> _EXERCISE_: Below is a listing; print exactly its lines from the one containing "有一个就是这样单手拿着壶铃,然后身体弯下" down to the one containing "Personnalisez vos créations", both inclusive, with every picture left out.

> _RECORDED DATA_:
==========

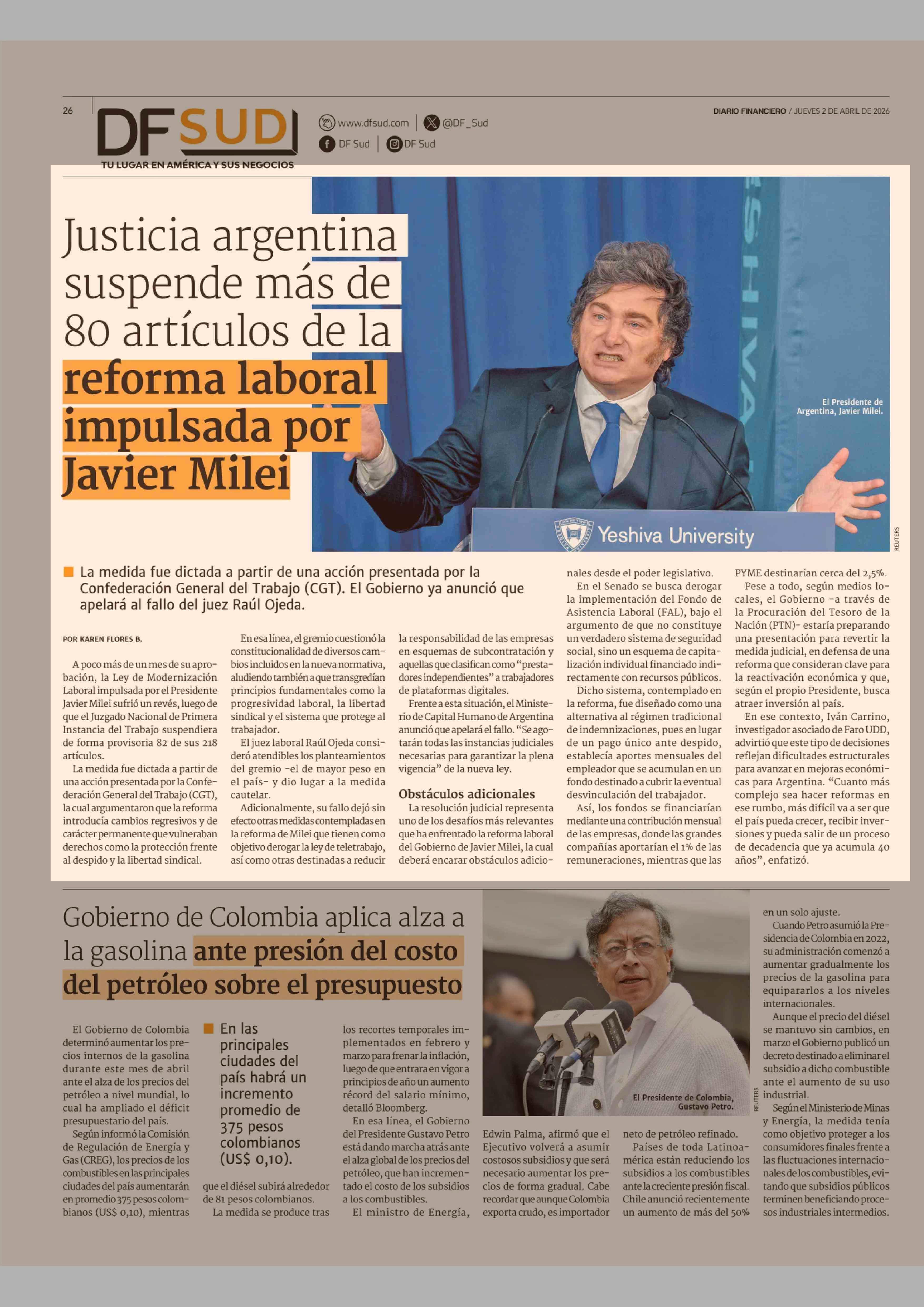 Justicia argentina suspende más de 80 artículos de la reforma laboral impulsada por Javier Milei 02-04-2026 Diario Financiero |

==========

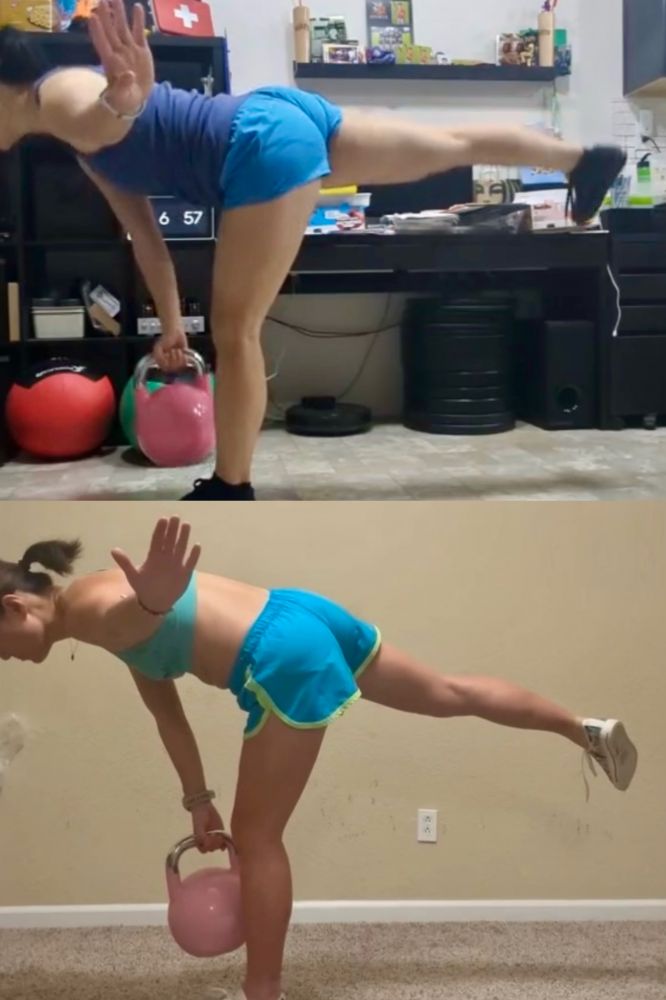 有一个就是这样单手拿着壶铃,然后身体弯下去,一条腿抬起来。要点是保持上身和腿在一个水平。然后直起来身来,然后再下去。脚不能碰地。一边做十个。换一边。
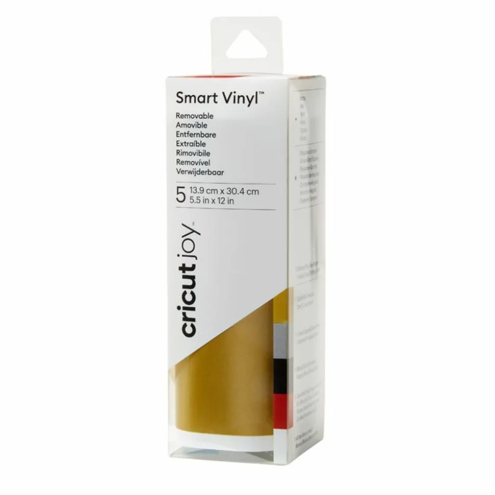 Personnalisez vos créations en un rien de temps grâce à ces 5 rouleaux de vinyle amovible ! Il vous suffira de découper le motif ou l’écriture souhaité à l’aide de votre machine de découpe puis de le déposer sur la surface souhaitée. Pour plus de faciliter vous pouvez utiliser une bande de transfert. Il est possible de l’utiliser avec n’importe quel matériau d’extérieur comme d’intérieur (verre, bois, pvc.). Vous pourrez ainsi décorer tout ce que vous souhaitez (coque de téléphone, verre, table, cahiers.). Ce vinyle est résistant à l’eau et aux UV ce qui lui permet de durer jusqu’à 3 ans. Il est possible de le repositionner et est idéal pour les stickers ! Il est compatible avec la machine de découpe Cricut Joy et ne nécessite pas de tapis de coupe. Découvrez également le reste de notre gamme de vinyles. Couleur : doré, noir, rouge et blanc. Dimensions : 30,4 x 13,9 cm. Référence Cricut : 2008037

==========

> _WRITTEN SOLUTION_:
 有一个就是这样单手拿着壶铃,然后身体弯下去,一条腿抬起来。要点是保持上身和腿在一个水平。然后直起来身来,然后再下去。脚不能碰地。一边做十个。换一边。
 Personnalisez vos créations en un rien de temps grâce à ces 5 rouleaux de vinyle amovible ! Il vous suffira de découper le motif ou l’écriture souhaité à l’aide de votre machine de découpe puis de le déposer sur la surface souhaitée. Pour plus de faciliter vous pouvez utiliser une bande de transfert. Il est possible de l’utiliser avec n’importe quel matériau d’extérieur comme d’intérieur (verre, bois, pvc.). Vous pourrez ainsi décorer tout ce que vous souhaitez (coque de téléphone, verre, table, cahiers.). Ce vinyle est résistant à l’eau et aux UV ce qui lui permet de durer jusqu’à 3 ans. Il est possible de le repositionner et est idéal pour les stickers ! Il est compatible avec la machine de découpe Cricut Joy et ne nécessite pas de tapis de coupe. Découvrez également le reste de notre gamme de vinyles. Couleur : doré, noir, rouge et blanc. Dimensions : 30,4 x 13,9 cm. Référence Cricut : 2008037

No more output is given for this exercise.